Le drapeau auquel a peut-être pensé l’un des condamnés à mort, poilu modèle depuis tant de mois, pour avoir refusé un jour de printemps 1917 de continuer la grande boucherie, ce drapeau auquel il a peut-être pensé au moment ou d’autres soldats français l’abattaient contre un poteau, les yeux bandés, oui, je respecte cette dernière pensée.
Mais ce même drapeau au nom duquel des officiers ont condamné à mort ce même soldat en Conseil de Guerre, ou le drapeau au nom duquel ces mêmes officiers ont délibérément envoyé à la mort, inutilement, des millions d’hommes, non, je l’outrage.
La Marseillaise qu’ont chantée tant de résistants au moment de leur exécution par les nazis, ou celle qu’ils ont fredonnée, prisonniers dans les camps, pour ne pas perdre la raison, oui, je peux la respecter.
Mais cette même Marseillaise, qui, aux côtés de « Maréchal nous voilà » est restée l’hymne d’un État collaborationniste et lâche, non, je l’outrage.
Le drapeau qu’ont vu en arrivant de pays en dictature des réfugiés politiques, oui, peut-être, en oubliant celui que des centaines de milliers d’autres réfugiés ne verront pas, refoulés par une France qui tient à rester entre soi, oui, en oubliant ça, peut-être, je peux le respecter.
Mais le drapeau dont les trois couleurs barraient les cartes de police des fonctionnaires qui ont massacré plusieurs centaines d’Algériens pacifiques la nuit du 17 octobre 1961 à Paris, le drapeau qui flottait aux frontons des palais de justice où, dans mon enfance, on pouvait encore envoyer des hommes se faire trancher la tête, non, ce drapeau-là je l’outrage.
L’hymne d’un pays laïc, dont l’Église, comme les temples, mosquées et synagogues, ont fini par être séparés de l’État, d’un pays qui compte encore tant d’athées et d’anticléricaux lucides, oui, peut-être, je peux le respecter.
Mais l’hymne d’un pays dont les dirigeants se demandent aujourd’hui s’il n’est pas temps de revenir sur le régime de séparation des églises et de l’État, s’il n’est pas temps de commencer à enseigner le fait religieux dans les écoles, non, cet hymne-là je l’outrage.
Le drapeau qui flotte sur une assemblée qui a fini par accorder le droit de vote aux femmes, qui a fini par les soustraire à la tutelle de leurs maris, qui a fini par leur accorder le droit à l’avortement, oui, je peux le respecter.

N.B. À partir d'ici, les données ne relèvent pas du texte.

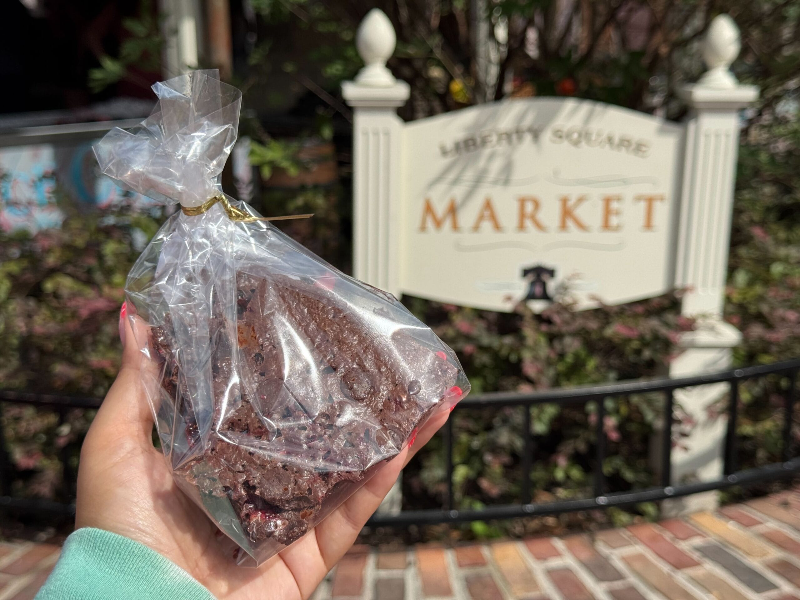 A hand holds a wrapped chocolate snack in front of a sign reading "Liberty Square Market," capturing the joy of discovering Christmas treats at Magic Kingdom.

Mais le drapeau d’un pays dans lequel les femmes sont encore en moyenne payées un tiers de moins que les hommes, ou les violences conjugales sont si courantes et admises, ou les taches et responsabilités sont encore largement à l’avantage des hommes, non, ce drapeau-là je l’outrage.
En faisant l’effort de fermer les yeux sur le « sang impur » appelé à « abreuver nos sillons », l’hymne et le drapeau tricolore d’un groupe humain qui se sent un destin commun, dont l’histoire a fait un des berceaux de l’humanisme, des luttes sociales, de la littérature, des révolutions, des sciences, de la poésie, des arts, des principes de liberté, d’égalité, des droits humains, oui, je peux les respecter.
Pas les saluer au garde-à-vous ; je ne salue que les êtres humains. Mais les respecter, oui.
Mais l’hymne et le drapeau tricolore d’un pays, d’un État, d’une patrie dont l’essence et la structure interdisent la réalisation de sa devise, entretenant au sein de ses frontières, et vis-à-vis de tant d’autres pays, l’injustice la plus crasse, non, je ne les respecte pas, je les outrage.
L’hymne et le drapeau tricolore d’un pays si peu sûr de mériter naturellement le respect qu’il en vient à en pénaliser l’outrage, oui, naturellement, je les outrage.
Personne ne m’imposera le respect d’un quelconque drapeau ni d’un quelconque hymne.